La capacità di stare a giudizio in Italia: la FIT-R

La capacità di stare a giudizio in Italia: la FIT-R

In concomitanza dell'uscita dell'edizione italiana della Fitness Interview Test-Revised (FIT-R: Intervista strutturata per la valutazione della capacità a stare in giudizio), pubblichiamo uno scritto di Franco Scarpa, estratto dal volume di Ronald Roesch, Patricia Zapf e Derek Eaves, e curato da Silvio Ciappi e Benedetta Vittoria.

L’idoneità a stare in giudizio, o capacità processuale, rappresenta l’elemento cardine che deve caratterizzare le condizioni individuali, fisiche e psichiche, senza il quale nessuna persona può essere sottoposta alle varie fasi di un procedimento penale. Essa consiste nella capacità di intendere e di volere riferita al procedimento in corso, e non relativa al momento del reato, e corrisponde, in concreto, all’idoneità ad esercitare, all’interno del processo, i diritti e le facoltà ricollegati all’assunzione della qualità di imputato, nonché di indagato nella fase procedimentale. Tale assunto deriva dalla storica, e garantista, definizione contenuta nel Codice Penale, ma anche da una consolidata giurisprudenza, per cui nessuna persona può essere sottoposta ad un giudizio penale se non è capace di comprendere i fatti e gli accadimenti tipici del rituale processuale e di esercitare di conseguenza in maniera libera, e volontariamente, la propria azione di difesa.

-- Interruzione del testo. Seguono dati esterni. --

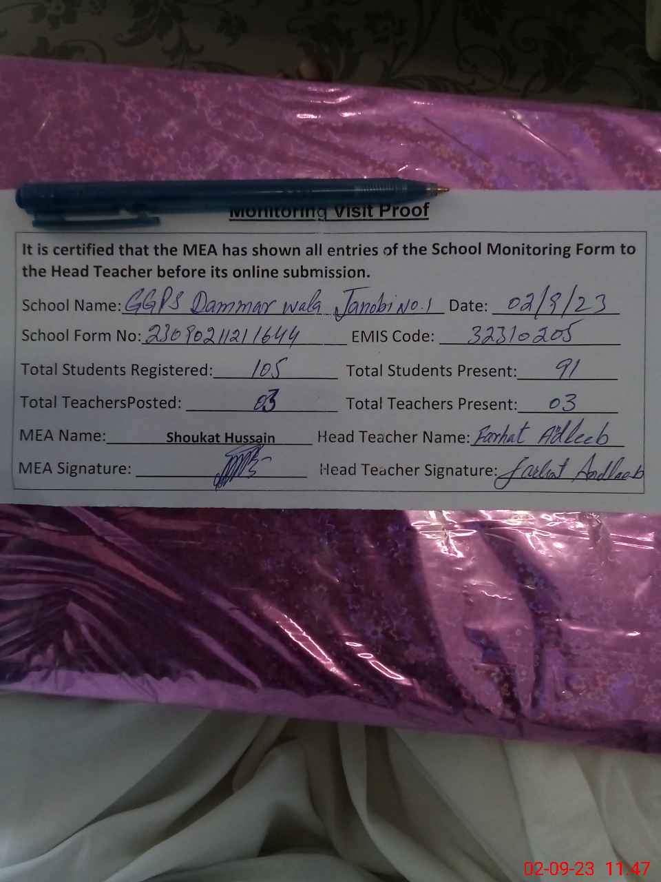 | EMIS Code: 32310205 | Name of School: GGPS DAMMER WALA JANUBI NO. 1 | |||

L’attenzione a tale tema appare, storicamente nel nostro sistema, non particolarmente sentita nella dinamica del procedimento penale per quanto sia uno dei quesiti classici che sono posti al consulente in fase di perizia. Invero, ogni affidamento di perizia dovrebbe comprendere il quesito: “dica il perito se il periziando è in grado di partecipare coscientemente al procedimento giudiziario”; oppure “dica il perito se l’imputato (o l’indagato) sia affetto da infermità di mente tale da renderlo incapace di partecipare al processo”. Non sempre tale quesito viene posto e nella letteratura psichiatrica, e psichiatrico-forense, non è frequente riscontrare lavori attinenti tale tema. Mancano inoltre criteri o linee guida che contengano indicatori ed elementi, standardizzati e condivisi, per una valutazione di tale funzione.

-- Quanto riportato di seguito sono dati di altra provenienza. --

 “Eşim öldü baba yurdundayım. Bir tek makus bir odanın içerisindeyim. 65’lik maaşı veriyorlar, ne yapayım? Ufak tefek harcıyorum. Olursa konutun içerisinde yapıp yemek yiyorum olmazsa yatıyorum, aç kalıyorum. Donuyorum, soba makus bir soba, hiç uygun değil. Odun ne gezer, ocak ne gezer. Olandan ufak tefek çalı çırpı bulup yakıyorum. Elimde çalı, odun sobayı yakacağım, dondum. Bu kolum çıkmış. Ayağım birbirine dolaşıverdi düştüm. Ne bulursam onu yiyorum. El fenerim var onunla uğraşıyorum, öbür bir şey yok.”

Una sentenza della Corte Costituzionale statuisce come la capacità processuale debba essere desunta non solo dalla mera presenza di una patologia psichiatrica e dalla funzione di coscienza, cioè dalla capacità della persona di rendersi conto di quanto accade intorno a lei, ma anche e soprattutto dalla possibilità di essere “parte attiva” nella vicenda processuale e di esprimersi, esercitando il suo diritto di autodifesa (sen. Corte Cost. n. 39 del 2004). [...]

La necessità di accertare preliminarmente la sussistenza di un’infermità o malattia mentale obbliga comunque il perito ad effettuare una prima fase prioritariamente mirata all’accertamento diagnostico, utilizzando gli strumenti più opportuni ed appropriati di competenza dello psichiatra ed avvalendosi delle eventuali consulenze sia mediche che psicologiche. Solo successivamente egli potrà procedere alla fase di accertamento specifico, mirata alla verifica della eventuale compromissione nel periziando della funzione di partecipazione utile al procedimento. 

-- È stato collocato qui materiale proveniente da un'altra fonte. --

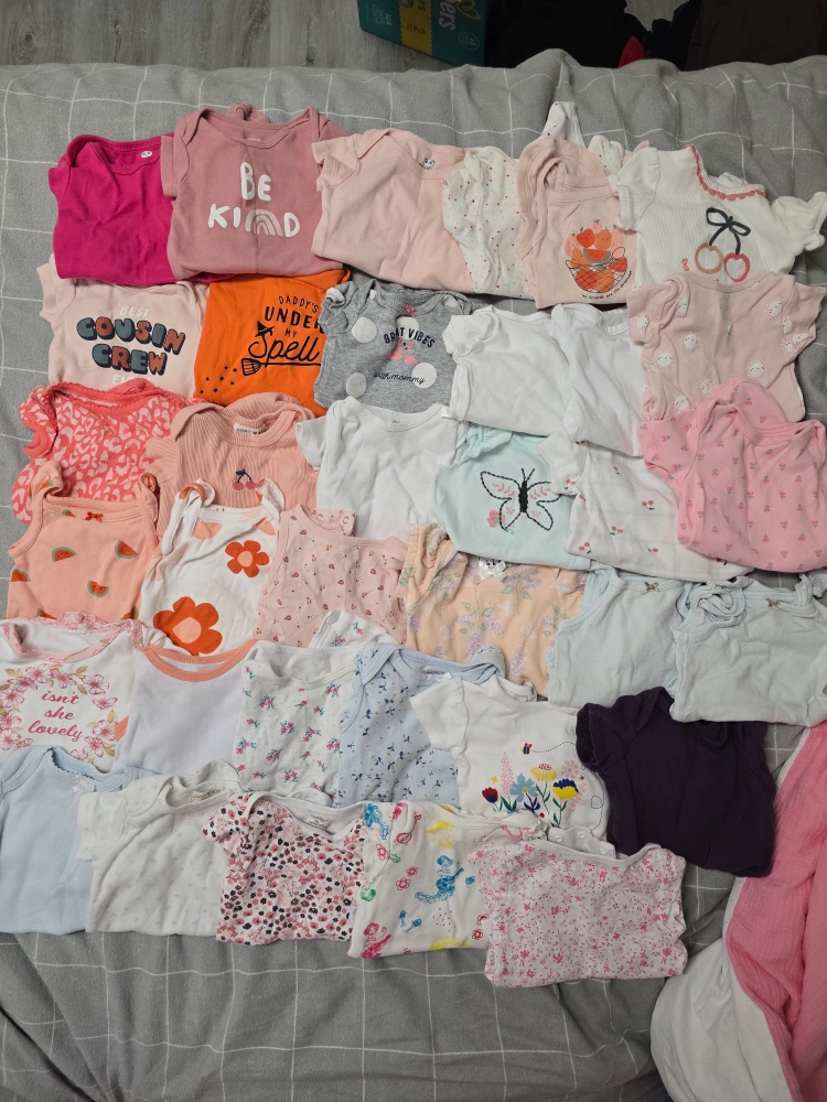 Selling a bundle of gently used baby clothes! There's a mix of onesies, pants, tops, and even a cozy sleep sack. All in good condition and ready for a new little one 0-3 mon ( newborn too)

Rispetto al nostro sistema, nel quale non si riscontrano criteri specifici per l’accertamento di tale funzione, in altri Paesi sono costantemente adottate prassi con criteri ed indicazioni standard mirate a stabilire la capacità di partecipare al procedimento. Negli USA, la “sentenza Dusky” emanata nel 1960 aprì un dibattito intenso e serrato dal quale sono scaturiti i cosiddetti “standard” o criteri Dusky, che stabilirono la necessità di accertare nell’imputato sottoposto a giudizio la presenza di una “sufficiente abilità di consultarsi con il proprio difensore con un ragionevole grado di consapevolezza e la capacità di capire il significato razionale e fattuale del procedimento a cui è sottoposto”. Dopo ulteriori sentenze, questi iniziali criteri furono arricchiti dalla necessità di accertare che l’imputato debba possedere anche la capacità di “partecipare alla propria difesa”. In sintesi, i criteri Dusky si sostanziano nella necessità di verificare che l’imputato, per potere utilmente partecipare al procedimento, debba essere dotato di requisiti chiave rappresentati dalla “capacità di interagire consapevolmente con il proprio avvocato, partecipando alla propria difesa, e dalla capacità di comprendere razionalmente la natura, le circostanze e le conseguenze del procedimento a cui si è sottoposti”. [...]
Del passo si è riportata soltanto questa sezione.